I'm not at all sure he was talking about Rosenstein.

W. Hackwhacker said...

That seems to be an emerging consensus, but, we'll have to wait to see (and, yes, I know "when you assume...")

jsrtheta said...

I know that's the emerging consensus, but it could well be wrong. Don't forget, Trump interviewed Mueller for the FBI Director job the day after Comey was fired. Or so some reporting goes. It seems undisputed Mueller met with Trump at some point, and given Trump's casual approach to facts and chronology, I wouldn't be surprised to discover Trump is claiming Mueller told him the firing was a good idea. (I don't believe for one minute Mueller said any such thing, but, well, Trump...)

Things bear listening to. The other day, the country went crazy because Chris Ruddy (the man who gave us "Vince Foster was murdered") said he thought Trump was considering firing Mueller. Ruddy did not claim that Trump ever said any such thing to him, but many media outlets "trumpeted" (sorry) Ruddy's friendship with Trump to suggest Ruddy got his info from Trump.

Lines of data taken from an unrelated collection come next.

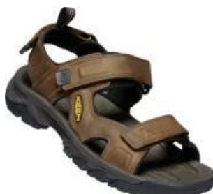
Men's 1022423 Bison/Mulch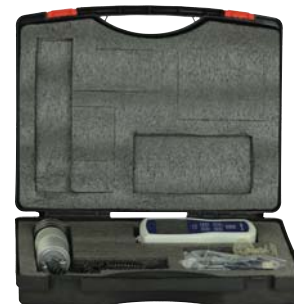
FG-7000T with Included Accessories and Carry Case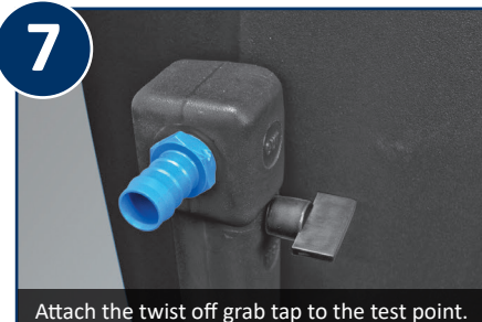
Attach the twist off grab tap to the test point. Attach your outlet hose to the nipple above. Fill unit with water and check for leaks.

Install the securing spring clips at 90 degrees directly in contact with the filter bags to prevent flotation.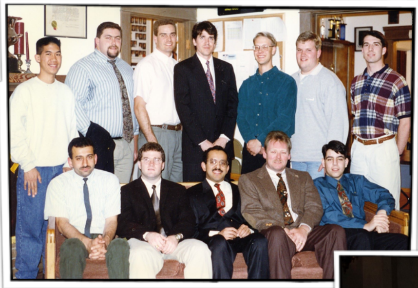
➔ PLEDGE CLASS OF 1995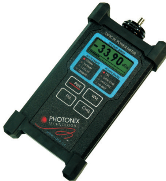
Note: Photos may vary from actual product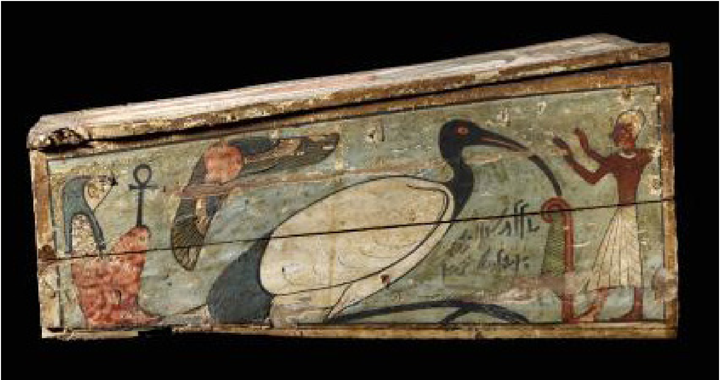
Egyptian, Painted Wooden Coffin of the Sacred Ibis of Thoth , 332–30 BC, wood with polychrome decoration, the Museum of Fine Arts, Houston, museum purchase funded by Isabel Brown Wilson and The Brown Foundation, Inc., 2008.808.

Find and circle all the ancient Egyptian symbols in the object.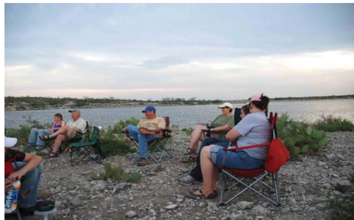
Some of the group

In fact, as I watched the video of Ruddy the day the story broke, it seemed clear to me that he was basing his opinion on what Trump attorney Marc Kasowitz had said publicly about the case a week before. Watch it yourself, and you'll see. Ruddy eventually confirmed this, but if anyone had stopped to really pay attention to the video, it would have been obvious he was referring to what Kasowitz had already said publicly. Unfortunately, the media heard what it wanted and went into hysteria.

W. Hackwhacker said...

Jeff - You're well describing the chaos that comes with a chaotic presidency and the perils of trying to interpret it through tweets, leaks, ambiguous reporting, etc. We just have to see how this is going to unfold.

jsrtheta said...

Yes, but I am also cautioning against reaching quick, perhaps wrong conclusions. The Ruddy story is a very good example.

W. Hackwhacker said...

Jeff - just re the Ruddy story, you're right. A lot of the initial reporting was that Ruddy had gotten this straight from a convo with Trump.

FYI, On Tuesday we carried Ruddy's initial blurb to PBS without declaring it factually accurate or not.

Subsequently, the quote we (in a Thursday post) and others have used ("That may have been by design, according to a person who spoke to Mr. Trump on Tuesday. The president was pleased by the ambiguity of his position on Mr. Mueller, and thinks the possibility of being fired will focus the veteran prosecutor on delivering what the president desires most: a blanket public exoneration.") came from a June 13 New York Times article by Thrush, Haberman, and Davis. Ruddy was in the White House on Monday, not Tuesday, and while he reportedly didn't speak to Trump may have received that notion from Kasowitz or someone else (hate to cite Chris Cillizza, but -- http://www.cnn.com/2017/06/13/politics/chris-ruddy-bob-mueller-trump/index.html). So, someone "who spoke to Mr.Trump on Tuesday" seems to have been the source the Times used confirming Trump thought the threat of Mueller would "focus" Mueller on ending the investigation more quickly.

Though, just to be clear, we're with you 100% that it's always good not leap to conclusions. Thanks for your informed, thoughtful comments.

jsrtheta said...

First, thanks so much for taking the time to look into this. I'm sure you have better things to do.

Second, I missed the Times item claiming corroboration on the 13th. (I refuse to pay the Times to read their coverage and get mad. I can get mad all by myself.) So that is key.

My only point is that I still believe that a simple viewing of Ruddy's interview on Monday the 12th with Judy Woodruff did not support the initial hysteria, because Ruddy expressly referred only to Kasowitz's public statement was the basis for his opinion. And prior to any corroboration, the press went insane. Though it's nice the story may have been true (who knows with this idiot?).

Ruddy himself pushed back on the initial accounts and made it clear he was only going by what Kasowitz said.

ETA: Actually, Ruddy blamed it on attorney Jay Sekulow, not Kasowitz. http://abc7chicago.com/news/chris-ruddy-defends-claim-trump-seeking-mueller-firing/2090267/

So I got that wrong as well. But the point remains valid.